Further, after interacting with vendors, the Customer made the final decision in favor of ViPNet. Let's leave the final choice beyond the brackets of this article, from a technical point of view, the Continent and ViPNet are almost the same.
InfoTeKS (manufacturer ViPNet) provided the following equipment for pilot testing:
- HW50 - 2 pcs. for radiology rooms
- HW1000 - 1 pc. for data center
The equipment was tested for a month in combat conditions. The tests showed that our calculations were correct, and the tests were fairly accurate. The equipment worked in a regular mode, without any significant restrictions on the work of medical workers. As a result, the final specification turned out to be just this equipment, the HW50 was installed in radiology cabinets, a cluster of two crypto-gateways HW1000 of the updated model with increased bandwidth - in the data center).
How to implement? Scheme, complexity, presetting
We needed to approach the implementation with the utmost care. As I said above, the medical workers of the radiology rooms are constantly loaded, so we had 15 minutes to implement the CIPF at the facility. We carried out the implementation together with Laval engineers who knew the local equipment well.

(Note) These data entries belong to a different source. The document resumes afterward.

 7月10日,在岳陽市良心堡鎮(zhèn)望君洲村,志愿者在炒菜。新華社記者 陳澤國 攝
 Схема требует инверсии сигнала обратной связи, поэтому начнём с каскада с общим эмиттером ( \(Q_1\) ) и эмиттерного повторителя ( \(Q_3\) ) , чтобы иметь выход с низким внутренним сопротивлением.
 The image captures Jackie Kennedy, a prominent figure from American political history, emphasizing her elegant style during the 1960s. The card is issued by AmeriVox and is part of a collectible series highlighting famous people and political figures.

The implementation consisted of the following stages:
- Pre-configuration (the equipment was pre-configured by our engineers (release and installation of dst-on PAK, setting up network interfaces, setting up a snmp-agent, setting up PAK in ViPNet Administrator);
- Installation of crypto-gateways in the data center (setting up an alternative channel in order not to interrupt the work of ERIS);
- Installation of crypto-gateways in the clinics (the engineer needed to plug equipment into the 15-minute interval and make sure that the tunnel in the data center was raised. Naturally, in ideal cases, everything happened in minutes, but there is always some time to correct the problems that arise. In general, 15 minutes is enough to complete the work);
- Connecting crypto-gateways to the monitoring system (at this stage, revealed a system bug that was reported to the vendor, periodically the snmp agent spontaneously fell off, it had to be restarted. Since we know that ViPNet runs on Linux (Debian), we wrote a script that automatically restarted the process. In the new version, InfoTeX fixed this moment).

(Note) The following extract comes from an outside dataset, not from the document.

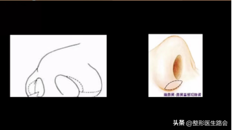 鼻翼还涉及到一个关键的部位就是鼻孔,要是鼻孔的大小正常,可以采用向内收窄的切口,减少对鼻孔大小的影响,比如右边的图,要是鼻孔过大呢,可以采用向内打开的切口,缝合后来缩小鼻孔。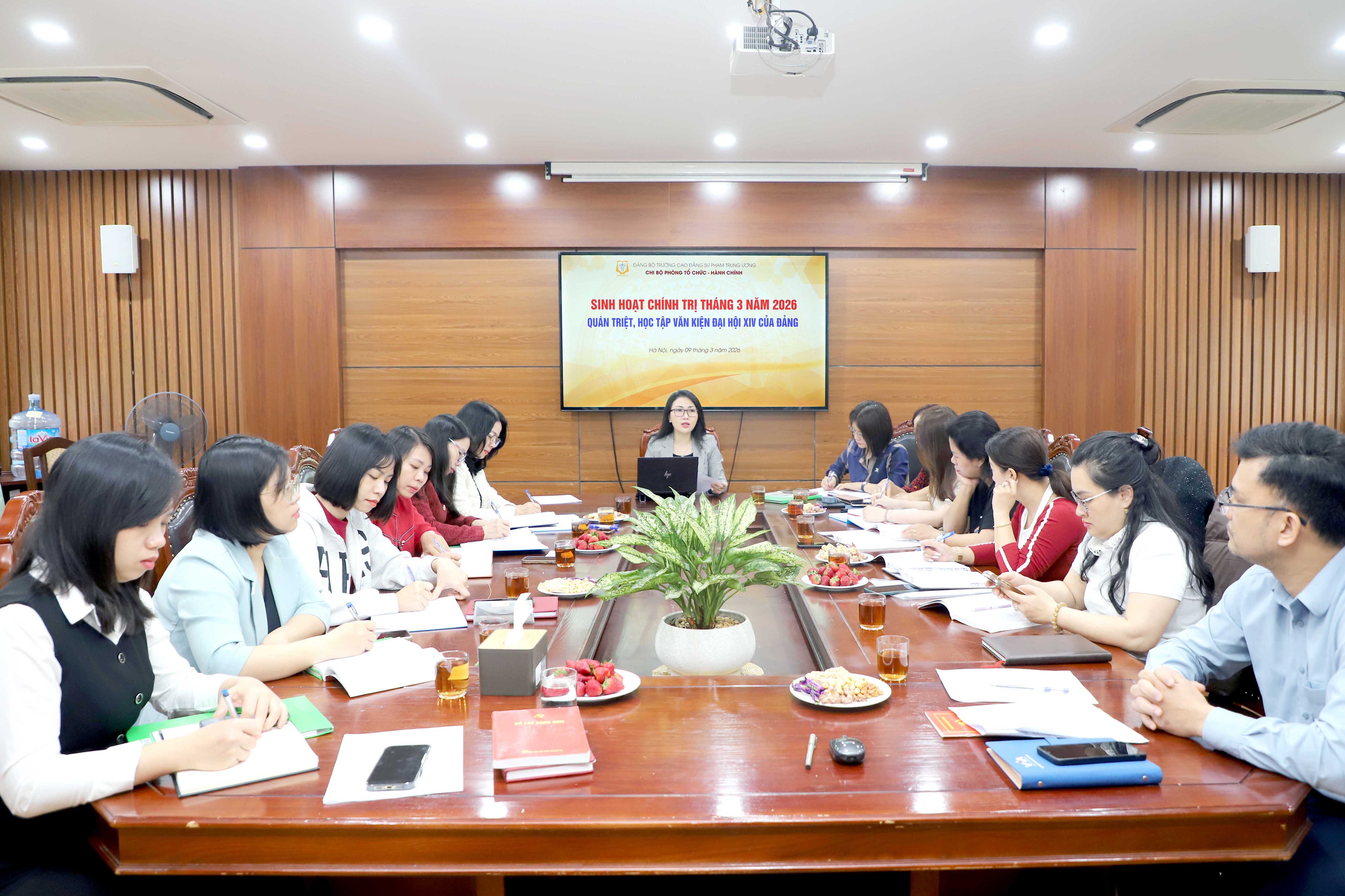 Ngày 9/3/2026, Chi bộ Phòng Tổ chức - Hành chính đã tổ chức sinh hoạt chính trị nhằm quán triệt, triển khai các nội dung tại Đại hội đại biểu toàn quốc lần thứ XIV của Đảng Cộng sản Việt Nam.

Monitoring The load on the processor, RAM, network
Next we will show screenshots from the monitoring system, where you can view the load on the equipment separately for six months and separately for one working day (CPU, RAM, network). The names of network devices are hidden, in terms of semantic load, this does not affect anything.
CPU load
Figure 2 - CPU load for half a year HW1000
Figure 3 - CPU load for 1 day HW1000
Figure 4 - CPU load for half a year HW50
Figure 5 - CPU load for 1 day HW50
Load on RAM
Figure 6 - Loading RAM for half a year HW1000
Figure 7 - Loading RAM for 1 day HW1000
Figure 8 - Loading RAM for half a year HW50 Figure 9 - Loading RAM for 1 day
HW50
Network load
Figure 10 - Network load for six months HW1000
Figure 11 - Network download for 1 day HW1000
Figure 12 - Network download for six months HW50
Figure 13 - Network download for 1 day HW50
Conclusion
It has been about a year since the implementation of the project, all CIPPs work in a regular mode, not a single crypto-gateway has failed. ERIS works in a regular mode with the information security tools installed, ensuring the necessary level of information security of the personal data of patients in Moscow polyclinics.